For rolling upgrades and planned maintenance, such as OS patching or host reboots on SC namespaces, process one node at a time. In multi-AZ rack-aware deployments, you can process one rack at a time.

During planned maintenance, the same nodes return to the cluster after the upgrade or reboot, so the roster does not need to be updated. The roster only changes when you permanently add nodes or remove nodes. If a node fails to rejoin after maintenance and must be replaced, see Remove nodes and update the roster for how to update the roster, and Revive dead partitions if dead partitions result.

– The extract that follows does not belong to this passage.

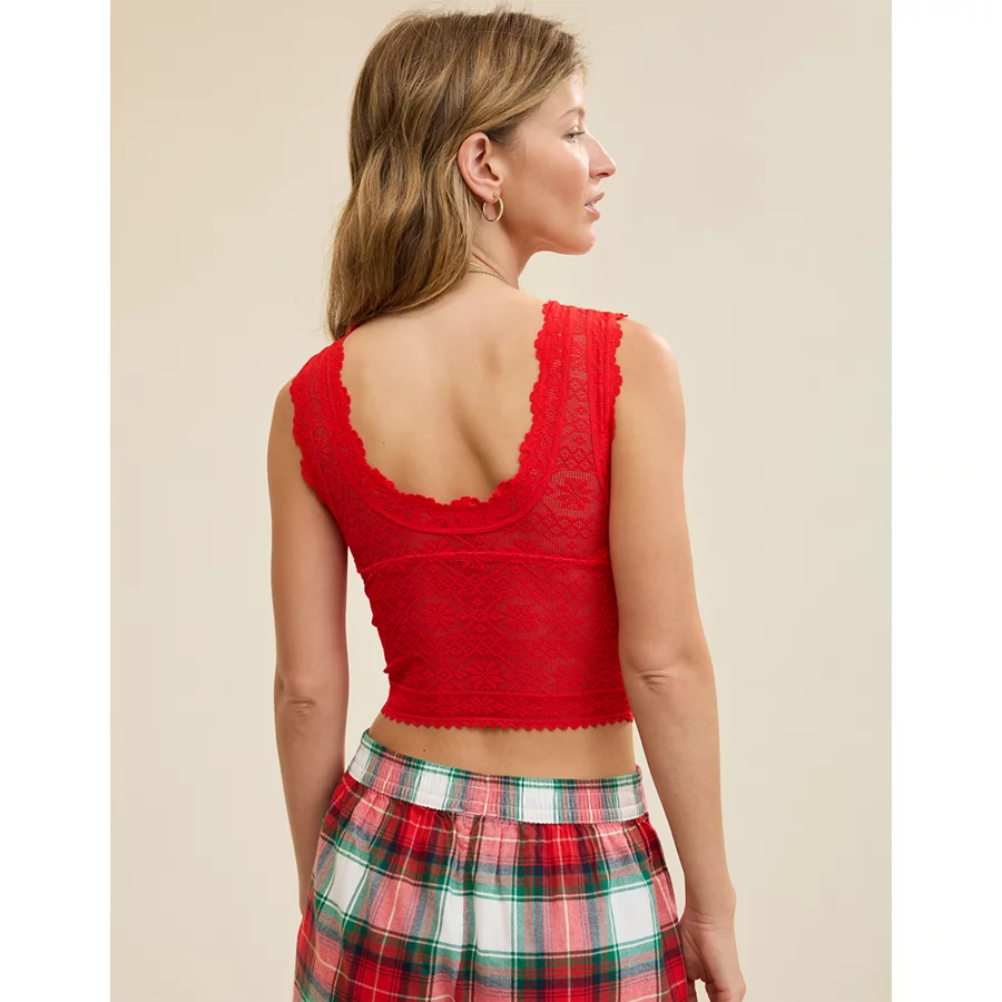 Show Off Lace Plunge Bra Top – Bright Red

If a procedure is stuck on a verification step or you encounter unexpected behavior, see Troubleshooting, search the Support Knowledge Base, or open a support case.

Before you begin

Configure migrate-fill-delay on every node to a value that exceeds the expected time for a single node to complete maintenance and rejoin. This suppresses unnecessary “fill” migrations to stand-in (non-roster) replicas while a node is temporarily out of the cluster. In SC namespaces, migrate-fill-delay only affects non-roster replicas; roster replica migrations proceed immediately. See Delay migrations for details.

If you set migrate-fill-delay dynamically, the value reverts to the static configuration on node restart. Since planned maintenance involves restarting nodes, set this value in the configuration file (aerospike.conf) so it persists across restarts.

Upgrading Aerospike (asd restart only, no host reboot)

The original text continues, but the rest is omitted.